Capped rates give you part of the advantages of fixed rates and of variable rates. Again, you'll have to give something back for this. For example, the capped rate is likely to be higher than any fixed rate you can get. Like fixed rates, they make good sense for those on tight budgets who need to ensure that their monthly payments don't rise too far.

How Is The Interest Charged?

Regardless of the type of interest rate you go for, one vital question to ask is how frequently interest is calculated. If you opt for a mortgage on which the interest is calculated daily (sometimes referred to as an Australian mortgage) you'll pay much less interest over time because every payment immediately reduces the amount you owe. Current account and flexible mortgages will charge interest daily. Where the interest is calculated monthly, you might end up waiting a whole month after making a payment before the interest is recalculated -- so you end up paying interest on money you don't actually owe any more!

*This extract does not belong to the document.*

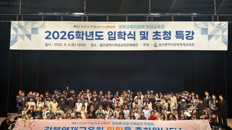 미담타임스 박민정 기자 | 울산광역시교육청은 올해 미래 사회를 이끌 창의적이고 바른 인성을 갖춘 인재를 육성하고자 강북·강남교육지원청 초중등 영재교육원 28학급을 운영한다. 초등은 수학, 과학, 발명, 인공지능 디지털 융합의 4개 영역을, 중등은 수학, 과학, 발명의 3개 영역을 각각 20주간 운영한다. 학생들은 공통 교육과정 수업과 학부모 공개수업, 연구성과물 발표회 등 특별 프로그램으로 자기주도 학습 능력과 탐구 역량을 키운다. 또한 인문학 전문가 특강과 지도력(리더십) 양성 캠프 등 인성 함양 프로그램도 함께 운영한다. 강북교육지원청(교육장 한성기) 영재교육원은 4일 울산학생교육문화회관 대공연장에서 신입생과 학부모, 지도교사 등 200여 명이 참석한 가운데 ‘2026학년도 입학식’을 열었다. 수업은 염포초 등 협력학교 4곳에서 매주 토요일 진행되며, 오는 11일부터 학사 일정에 들어간다. 이에 앞서 강남교육지원청(교육장 임채덕) 영재교육원은 지난 28일 울산과학관 빅뱅홀에서 입학식을 열고, 4일부터 수업에 들어갔다. 수업은 동평초 등 협력학교 4곳에서 매주 토요일 진행된다. &nb

But some lenders are sneakier still. They calculate the interest payable on the amount due at the start of the year and this can add several pounds to the typical monthly mortgage payment. It also means that if you make an additional payment to reduce your mortgage it could be up to a year before this reduces the amount of interest you are charged.

Comparing Mortgages

The easiest way to compare mortgages is to look at the amount you need to pay each month. Just looking at the headline interest rate can be misleading, as we have seen that different companies charge interest in different ways. Remember that if you are going for any short-term special offer that you need to consider your monthly payment once the promotion period is over. Ideally, you want a competitive rate then as well and no redemption penalties so that it is cheaper to move your mortgage elsewhere if there are more attractive mortgages available (which there probably will be).

By law mortgage providers have to provide an Annual Percentage Rate (APR) for their products. It illustrates the true underlying interest rate, including all the charges, over the entire term of the loan. This means it adjusts for things such as annually charged interest. Comparing the APR of one loan against another can also help you get a better feel for which is the most competitive.